In der jüdischen Tradition ist die Kritik an digitalen ‘Türmen’ in einem kraftvollen Midrasch über den Turmbau zu Babel verankert. Der antike Kommentar stellt fest, dass es mit zunehmender Höhe des Turms Tage dauerte, einen Ziegelstein nach oben zu tragen. Wenn ein Bauarbeiter herabstürzte und starb, kümmerte es niemanden. Wenn aber ein Tonziegel zerbrach, weinten die Erbauer und riefen: ‘Wann wird ein neuer Ziegel herbeigebracht?’

Diese alte Geschichte, die davor warnt, materielle Technologie über den Wert einzelner menschlicher Seelen zu stellen, ist im digitalen Zeitalter von hoher Relevanz. Das Judentum lehrt, dass jeder Mensch als Tzelem Elohim (nach dem Bilde Gottes) erschaffen ist. Eine künstliche Intelligenz mag logisch denken, schreiben und rechnen, aber sie besitzt nicht den göttlichen Funken des Lebens. Wir dürfen niemals zulassen, dass digitale Architekturen oder algorithmische Effizienz zu unserem modernen Babel werden, in dem menschliche Seelen für den rechnerischen Fortschritt geopfert werden.

Die islamische Perspektive: Der adamitische Bund

“Sich bei der spirituellen Verbindung auf Maschinen zu verlassen, stört das Gleichgewicht der Schöpfung. Eine wahre Verbindung erfordert ein bewusstes, lebendiges Herz.”

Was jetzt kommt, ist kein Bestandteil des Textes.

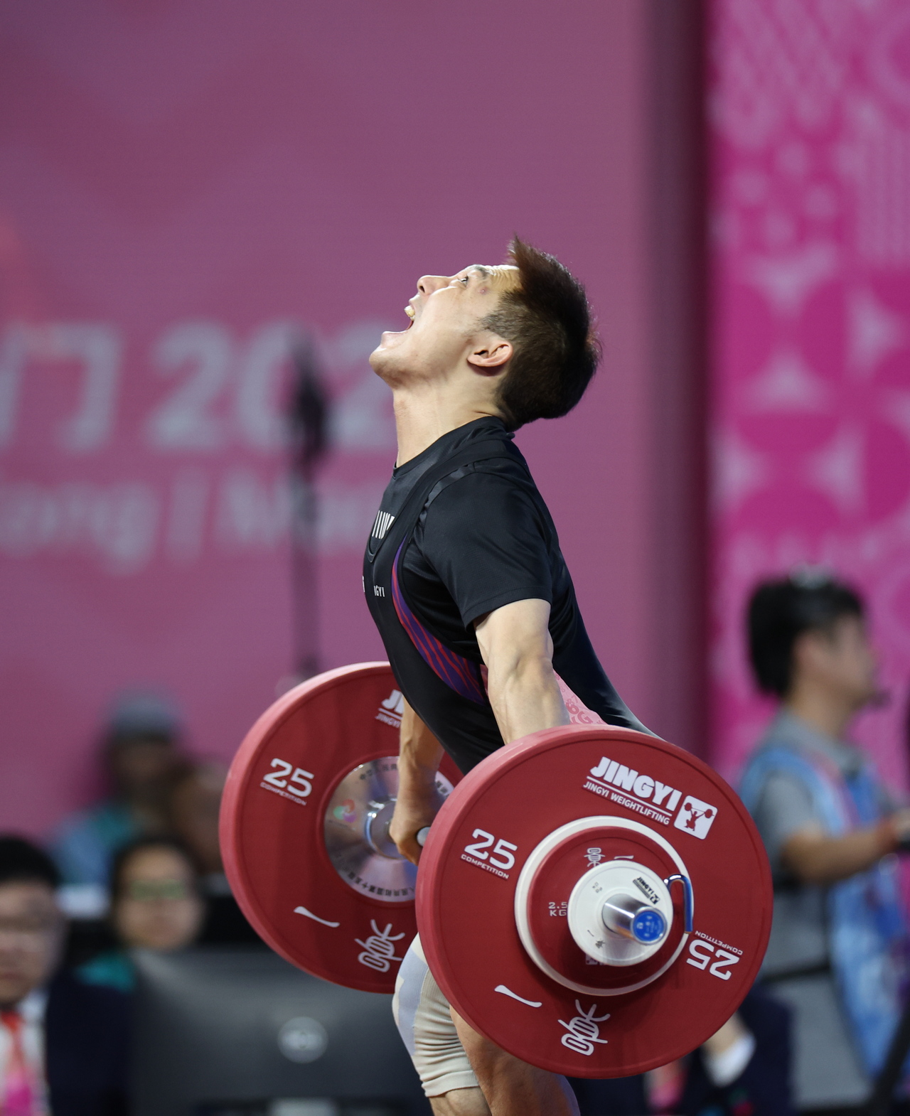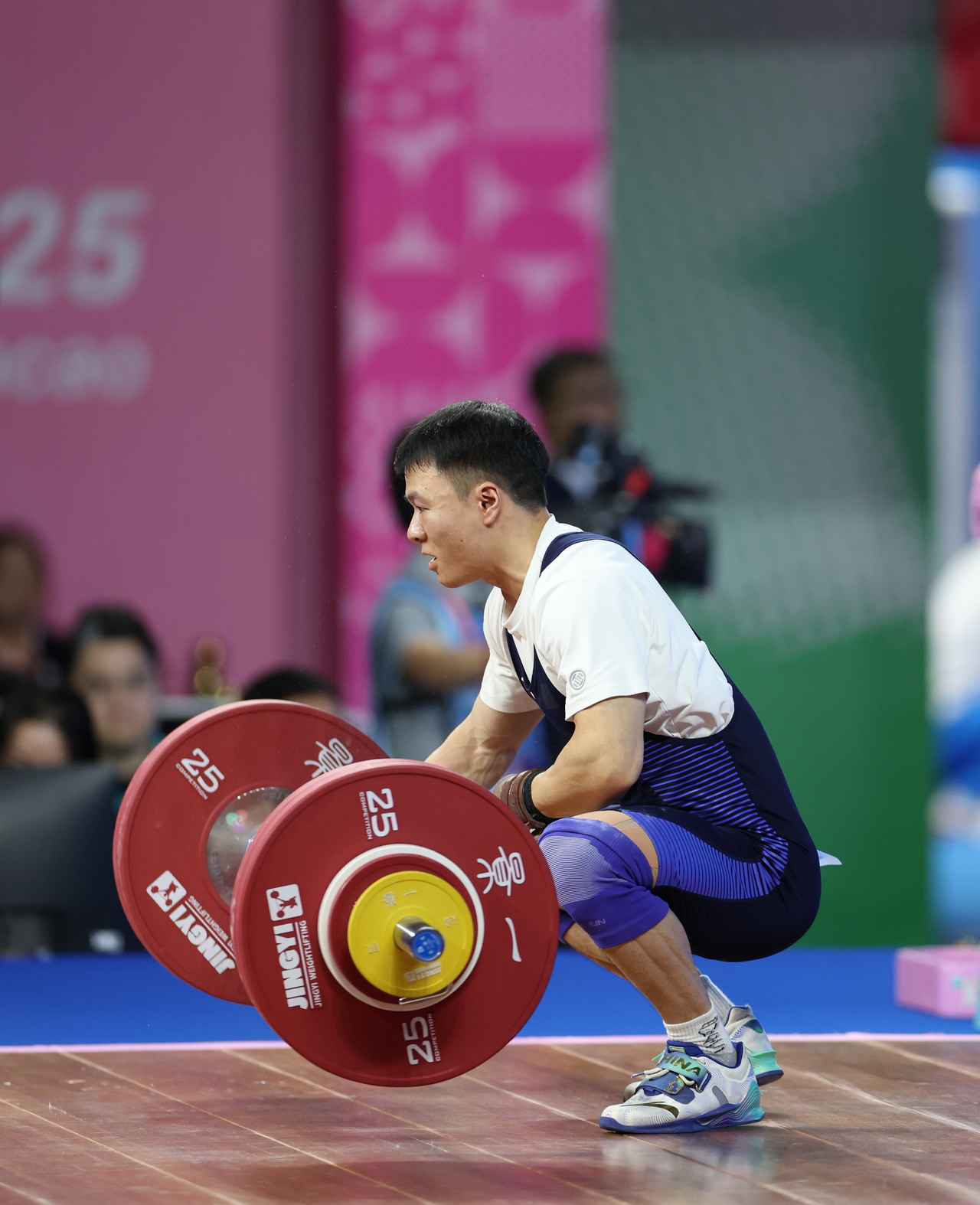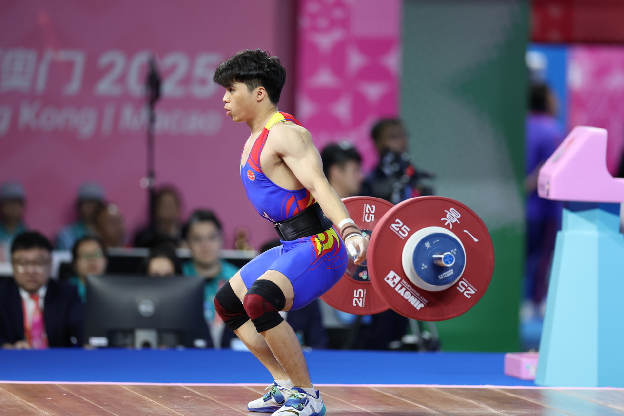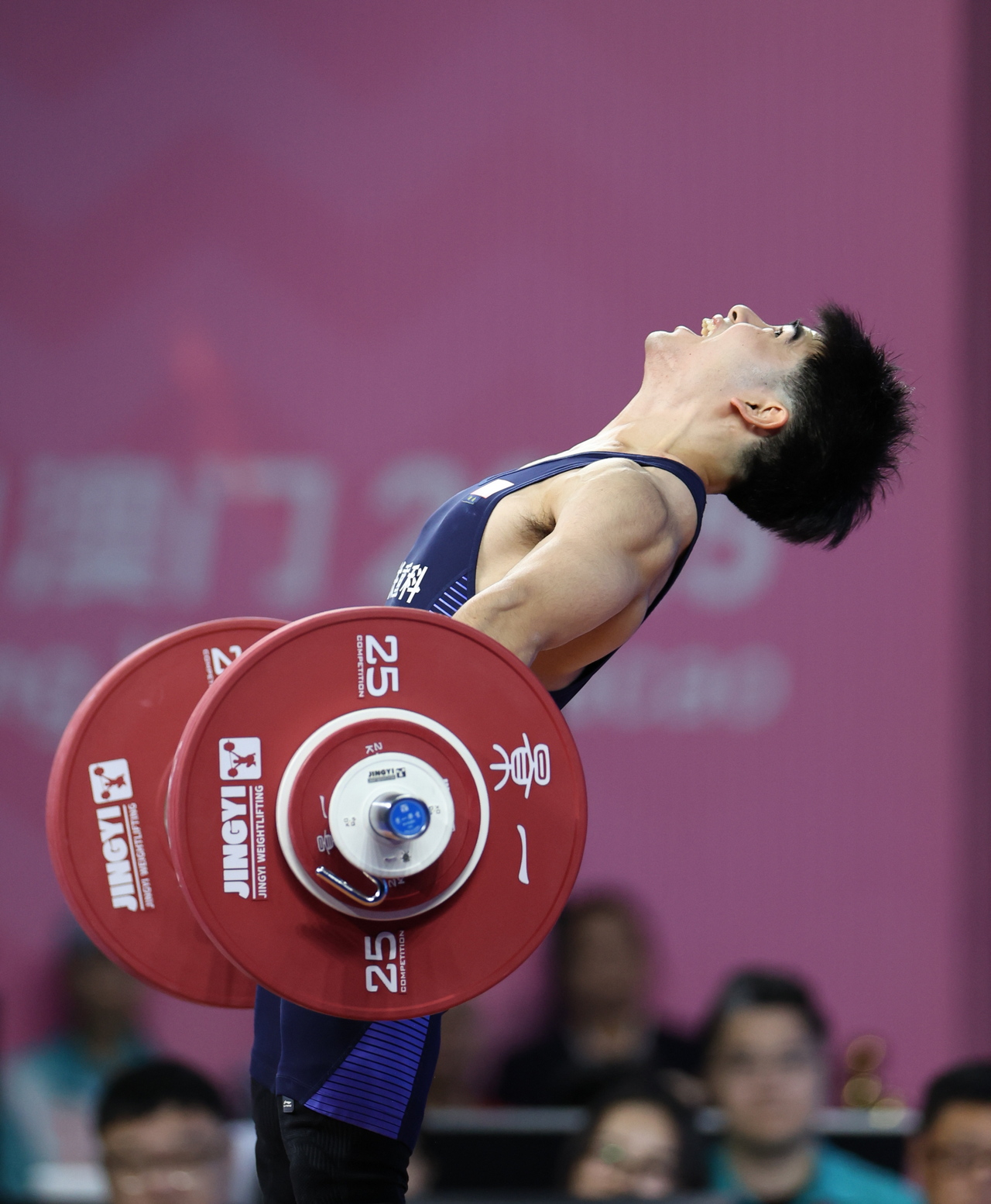 11月17日,第十五届全国运动会举重项目比赛继续在东莞石龙镇举行。图为湖南中联重科选手谌利军在男子67公斤级决赛中。

— Islamische theologische Tradition

Der Islam nähert sich dem digitalen Zeitalter durch das Prisma von Beziehungen. Die islamische Theologie beschreibt eine vertikale moralische Bindung (den primären Bund zwischen der Menschheit und Allah, bekannt als Mithaq) und horizontale Bindungen (die gesellschaftlichen Bündnisse zwischen den Menschen). Diese Bündnisse sind in der Fitrah verwurzelt – der ursprünglichen, reinen Natur, die allen Menschen innewohnt.

Islamische Gelehrte weisen darauf hin, dass KI an diesen moralischen Bindungen nicht teilhaben kann. Während ein Chatbot Gebete ausgeben oder theologische Argumente nachahmen kann, fehlt es ihm an Bewusstsein, freiem Willen und einer moralischen Seele. Sich bei der spirituellen Verbindung oder bei ethischen Entscheidungen auf Maschinen zu verlassen, stört das Gleichgewicht der Schöpfung. Eine wahre Verbindung erfordert ein bewusstes, lebendiges Herz, das in der Lage ist, sich aus Hingabe an den Schöpfer für das Richtige und gegen das Falsche zu entscheiden.

Der Hopi-Bund: Hüter der Erde

“Die Natur lehrt Geduld, wenn Samen wachsen, Demut, wenn Stürme vorüberziehen, und Freude, wenn das Sonnenlicht die Erde erwärmt. Diese Lektionen werden nicht heruntergeladen, sie werden gelebt.”

— Traditionelle Weisheit der Hopi

Das Volk der Hopi hat einen heiligen, alten Bund mit Maasaw (dem Hüter der Erde), als demütige Bewahrer und Beschützer des Landes zu leben. Am Parowan Gap in Utah stehen ihre Petroglyphen als physische, dauerhafte Zeugnisse ihrer Rolle als Hüter der Erde. Diese Felsritzungen sind nicht nur Relikte; sie sind aktive spirituelle Wegweiser, die das Volk mit dem Boden verbinden.

Diese physische Bewahrung der Erde steht in starkem Kontrast zum modernen digitalen Fußabdruck. KI-Modelle und riesige Rechenzentren benötigen enorme natürliche Ressourcen – sie verbrauchen Gigawatt an Strom, Millionen Liter Frischwasser zur Kühlung und erfordern den Abbau seltener Mineralien, der die Erde vernarbt. Der Hopi-Bund ruft uns aus der virtuellen Distanzierung zurück und erinnert uns daran, dass wahre Spiritualität verlangt, dass wir die physische Schöpfung, in der wir leben, schützen.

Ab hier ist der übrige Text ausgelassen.